## Extracted data
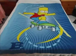 Manta de Bart Simpson con un diseño divertido y vibrante. Perfecta para añadir un toque de color a cualquier habitación. - Medidas: 130x166cm. - Diseño de Bart Simpson sobre un monopatín. - Fondo azul con detalles radiales y amarillos.
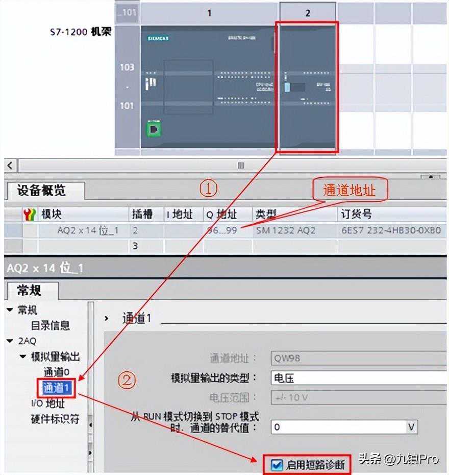 例如:模拟量输出模块SM1232的电压输出通道,对于通道1使能短路诊断,当通道1出现短路错误时,随即触发诊断错误OB82,此时可从OB82的启动参数中读取诊断信息。
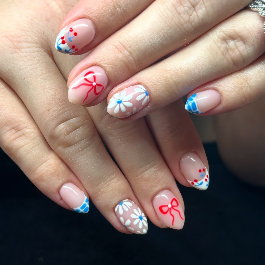 These nails lean softer and more delicate while still keeping the patriotic palette. Tiny bows, daisies, and subtle blue patterns sit on a sheer pink base, giving the whole set a light and airy feel.
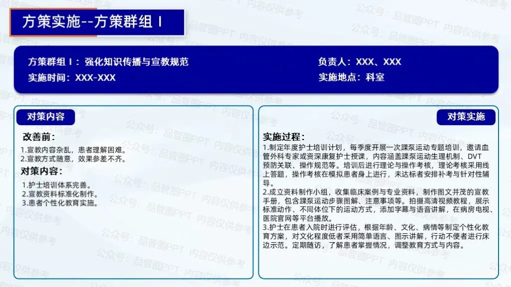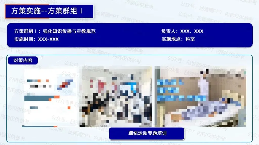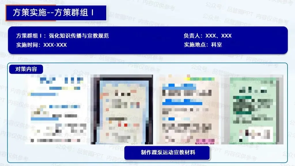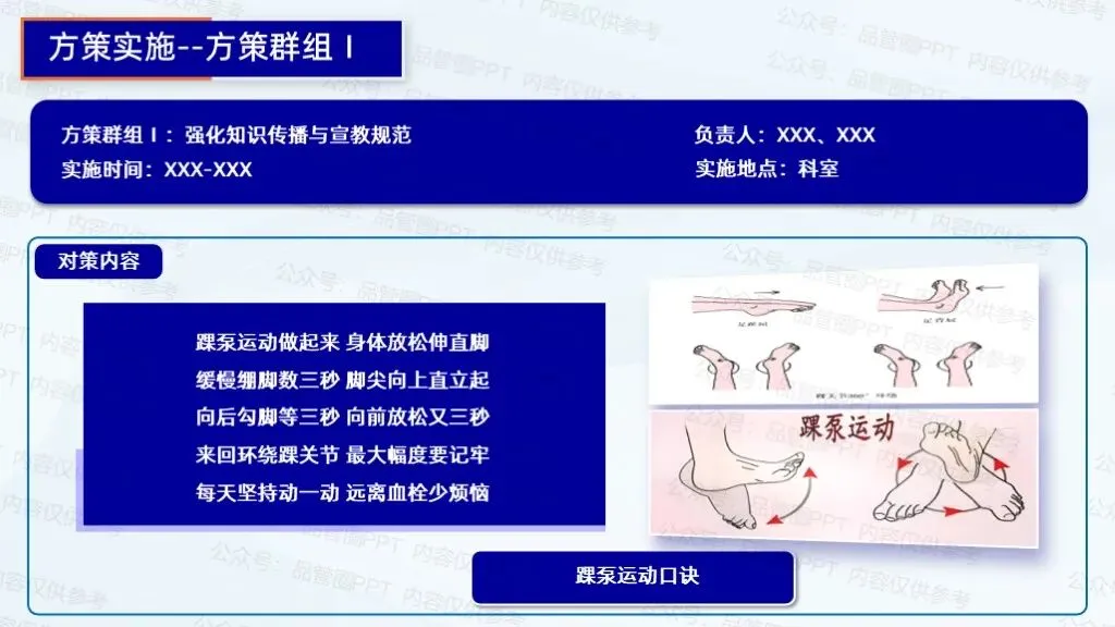 2.成立资料制作小组,收集临床案例与专业资料,制作图文并茂的宣教手册,包含踝泵运动步骤图解、注意事项等。拍摄高清视频教程,展示标准动作、不同体位下的运动方式,添加字幕与语音讲解,在病房电视、医院官网等平台播放。
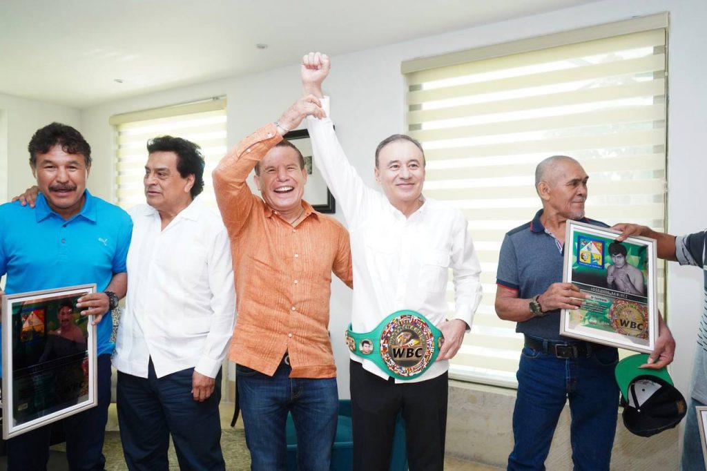 En un encuentro con los boxeadores sonorenses Hernán “Tyson” Márquez, Luis Ramón “Yori Boy” Campas, Julio César Borboa, José Luis Ramírez y la esposa de David Sánchez, Valeria Ruiz, el mandatario estatal expresó su reconocimiento a todos los deportistas por sus destacadas trayectorias en el ring, promoviendo una vida sana para las juventudes.
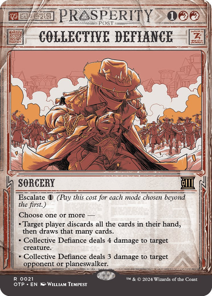 • Collective Defiance deals 3 damage to target opponent or planeswalker.
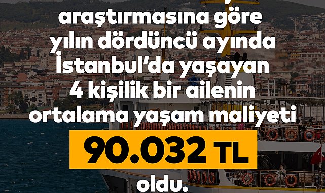 (İSTANBUL) - İstanbul Planlama Ajansı (İPA), yapılan araştırmalara göre nisan ayında İstanbul’da dört kişilik bir ailenin yaşam maliyetinin bir önceki aya göre, yüzde 2,91 artarak 90 bin 32 liraya yükseldiğini bildirdi.İPA'nın sosyal medya hesabından yapılan açıklamada, İstanbul’da dört kişilik bir ailenin nisan ayındaki yaşam maliyetine yer verildi.Açıklamada, yapılan araştırmalara göre, İstanbul'da dört kişilik bir ailenin yaşam maliyetinin nisan ayında bir önceki aya göre yüzde 2,91, geçen yılın aynı ayına göre ise yüzde 51,74 oranında arttığı belirtildi. İstanbul'da dört kişilik bir ailenin yaşam maliyetinin 90 bin 32 lira olduğu ifade edildi.
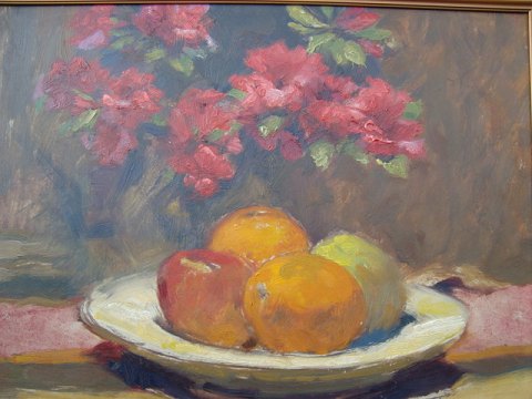 Opstilling på bord med frugtfad og blomster.
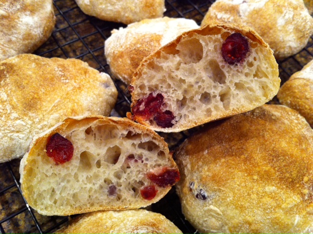 First time making ciabatta, second time using a pre-ferment. Craisins added.The results made me smile... Log in or register to post comments Wouldn't mind subbing them for the McMuffin for breakfast, with sausage, jam, cheese and egg!Nice baking! Log in or register to post comments They look great! especially being your first.Well done. Log in or register to post comments Thanks! I'm a beginner baker, having a lot of fun and learning a great deal, especially from here :) Log in or register to post comments
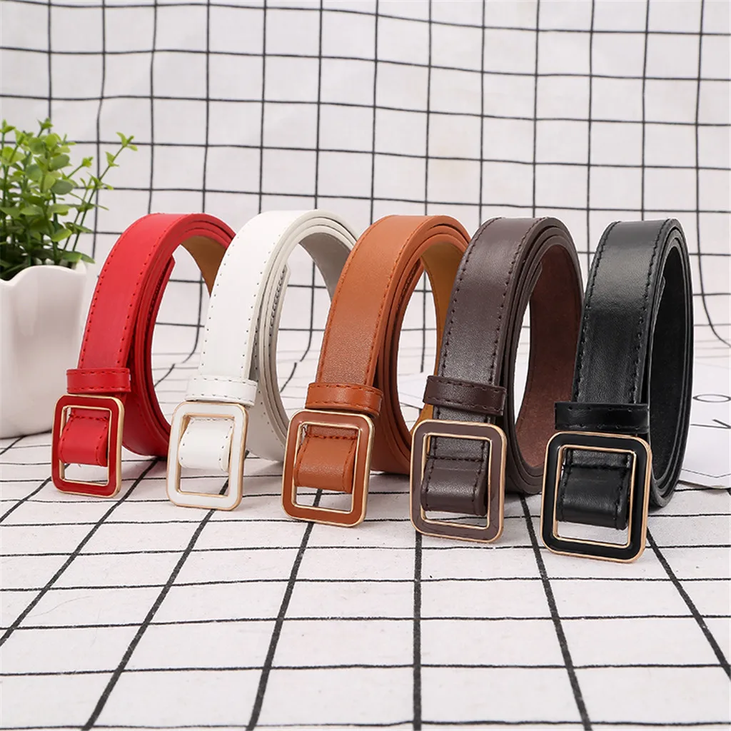 Женская мода пояс узкий стрейч платье ремень тонкая пряжка кожаный пояс
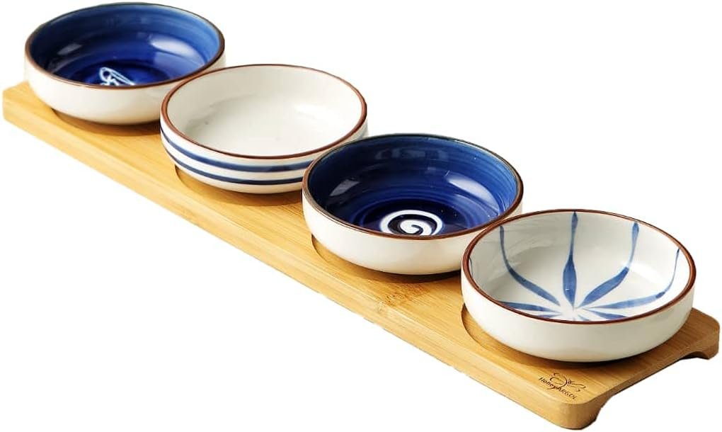 • Set includes 4 Small Ceramic Serving Dishes with Bamboo Tray. Serving Dishes: 10*10 cm (3.93 in*3.93 in). Bamboo Tray: 39*9.5 cm (15.35 in*3.74in).
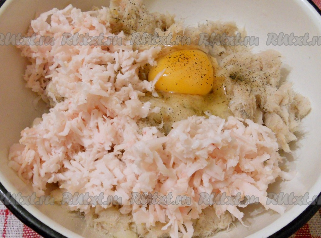 Пропустить филе рыбы через мясорубку вместе с салом и очищенным луком. Добавить яйцо, посолить и поперчить по вкусу, хорошо перемешать.
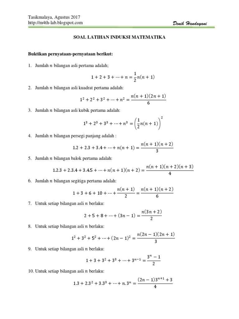 Induksi Matematika Www M4th Lab Net Pdf Induksi Matematika Soal Latihan Induksi Matematika Buktikan Pernyataan Pernyataan Berikut Dengan Induksi Course Hero
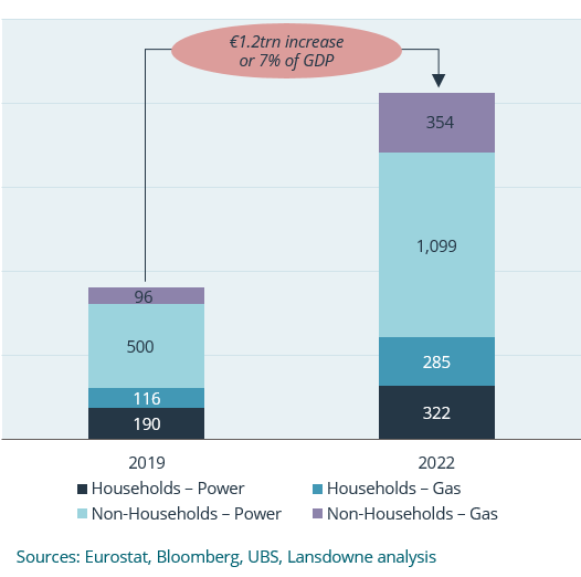 Separately, to analyse the potential increase in energy costs to the European economy, we have built a consumption model for the three principal end markets; heating, power and industrial, and by source i.e. gas, renewables and other. Compared to the pre-covid baseline of 2019, we estimate that Europe’s energy bill on a spot basis has increased by €1.2 trillion or 7% of GDP of which €300 billion for households.
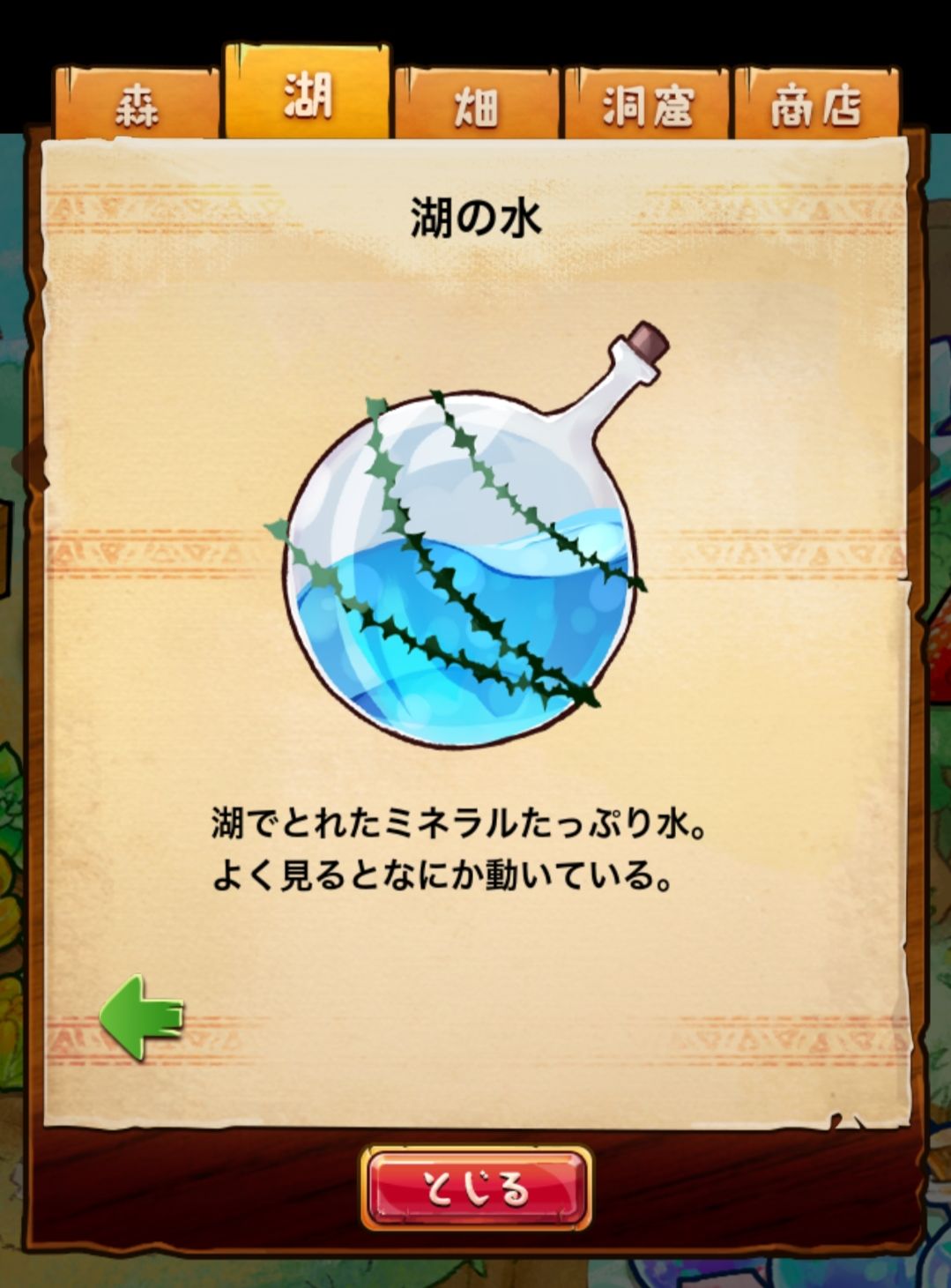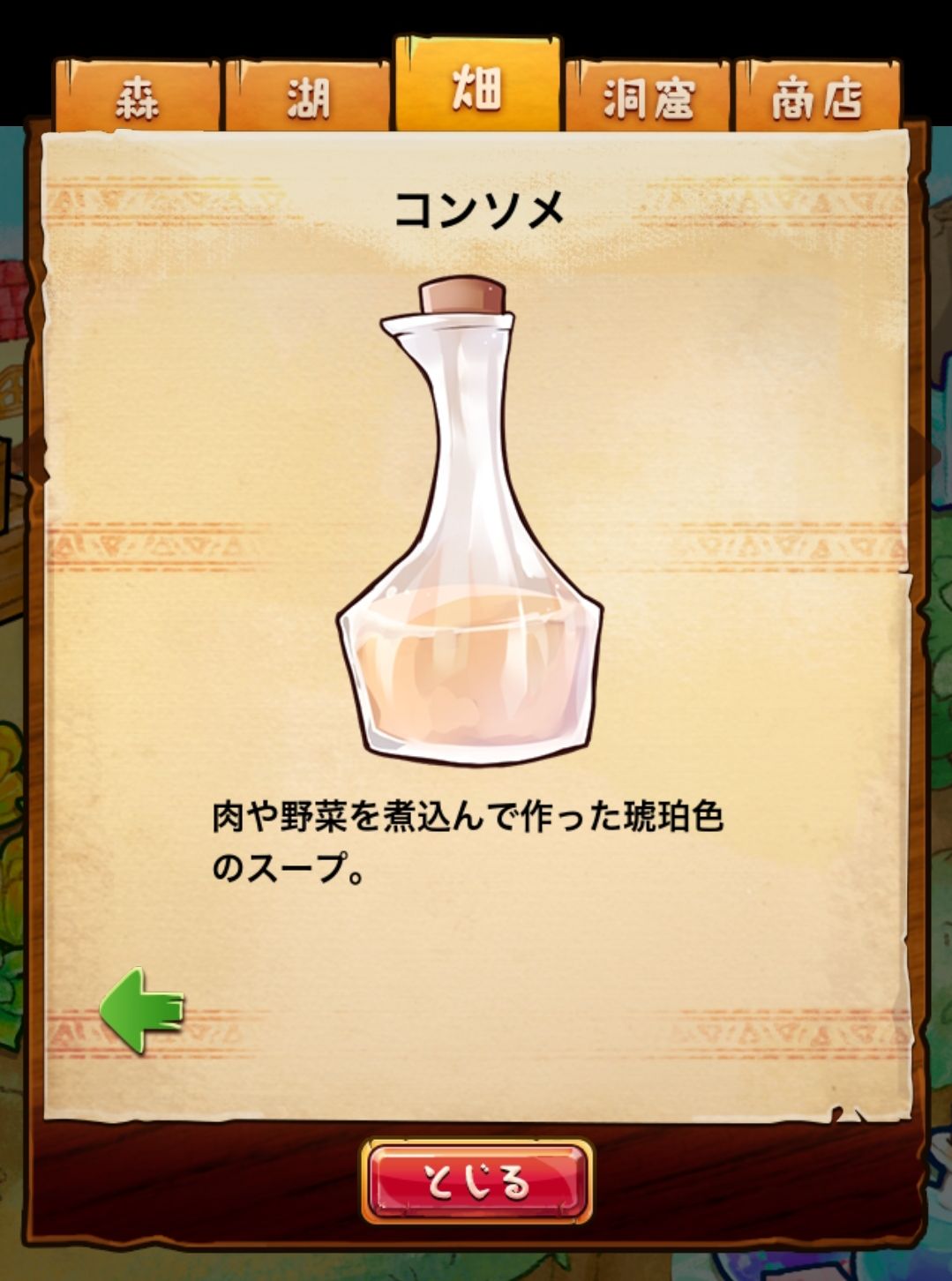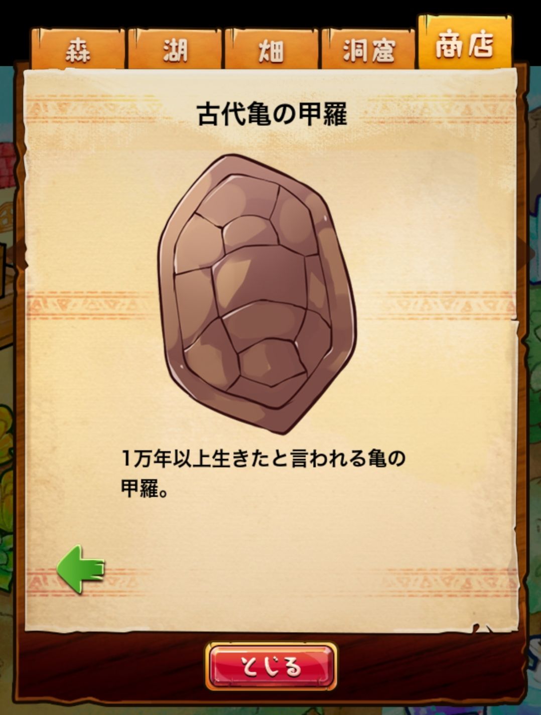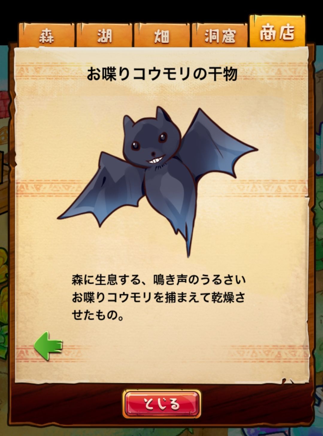 材料分五个地方: 森林,湖,田,洞窟和商店

## Exercise aim
Each line of the material above should be set down exactly, with no pictures.

## Solution
 Manta de Bart Simpson con un diseño divertido y vibrante. Perfecta para añadir un toque de color a cualquier habitación. - Medidas: 130x166cm. - Diseño de Bart Simpson sobre un monopatín. - Fondo azul con detalles radiales y amarillos.
 例如:模拟量输出模块SM1232的电压输出通道,对于通道1使能短路诊断,当通道1出现短路错误时,随即触发诊断错误OB82,此时可从OB82的启动参数中读取诊断信息。
 These nails lean softer and more delicate while still keeping the patriotic palette. Tiny bows, daisies, and subtle blue patterns sit on a sheer pink base, giving the whole set a light and airy feel.
 2.成立资料制作小组,收集临床案例与专业资料,制作图文并茂的宣教手册,包含踝泵运动步骤图解、注意事项等。拍摄高清视频教程,展示标准动作、不同体位下的运动方式,添加字幕与语音讲解,在病房电视、医院官网等平台播放。
 En un encuentro con los boxeadores sonorenses Hernán “Tyson” Márquez, Luis Ramón “Yori Boy” Campas, Julio César Borboa, José Luis Ramírez y la esposa de David Sánchez, Valeria Ruiz, el mandatario estatal expresó su reconocimiento a todos los deportistas por sus destacadas trayectorias en el ring, promoviendo una vida sana para las juventudes.
 • Collective Defiance deals 3 damage to target opponent or planeswalker.
 (İSTANBUL) - İstanbul Planlama Ajansı (İPA), yapılan araştırmalara göre nisan ayında İstanbul’da dört kişilik bir ailenin yaşam maliyetinin bir önceki aya göre, yüzde 2,91 artarak 90 bin 32 liraya yükseldiğini bildirdi.İPA'nın sosyal medya hesabından yapılan açıklamada, İstanbul’da dört kişilik bir ailenin nisan ayındaki yaşam maliyetine yer verildi.Açıklamada, yapılan araştırmalara göre, İstanbul'da dört kişilik bir ailenin yaşam maliyetinin nisan ayında bir önceki aya göre yüzde 2,91, geçen yılın aynı ayına göre ise yüzde 51,74 oranında arttığı belirtildi. İstanbul'da dört kişilik bir ailenin yaşam maliyetinin 90 bin 32 lira olduğu ifade edildi.
 Opstilling på bord med frugtfad og blomster.
 First time making ciabatta, second time using a pre-ferment. Craisins added.The results made me smile... Log in or register to post comments Wouldn't mind subbing them for the McMuffin for breakfast, with sausage, jam, cheese and egg!Nice baking! Log in or register to post comments They look great! especially being your first.Well done. Log in or register to post comments Thanks! I'm a beginner baker, having a lot of fun and learning a great deal, especially from here :) Log in or register to post comments
 Женская мода пояс узкий стрейч платье ремень тонкая пряжка кожаный пояс
 • Set includes 4 Small Ceramic Serving Dishes with Bamboo Tray. Serving Dishes: 10*10 cm (3.93 in*3.93 in). Bamboo Tray: 39*9.5 cm (15.35 in*3.74in).
 Пропустить филе рыбы через мясорубку вместе с салом и очищенным луком. Добавить яйцо, посолить и поперчить по вкусу, хорошо перемешать.
 Induksi Matematika Www M4th Lab Net Pdf Induksi Matematika Soal Latihan Induksi Matematika Buktikan Pernyataan Pernyataan Berikut Dengan Induksi Course Hero
 Separately, to analyse the potential increase in energy costs to the European economy, we have built a consumption model for the three principal end markets; heating, power and industrial, and by source i.e. gas, renewables and other. Compared to the pre-covid baseline of 2019, we estimate that Europe’s energy bill on a spot basis has increased by €1.2 trillion or 7% of GDP of which €300 billion for households.
 材料分五个地方: 森林,湖,田,洞窟和商店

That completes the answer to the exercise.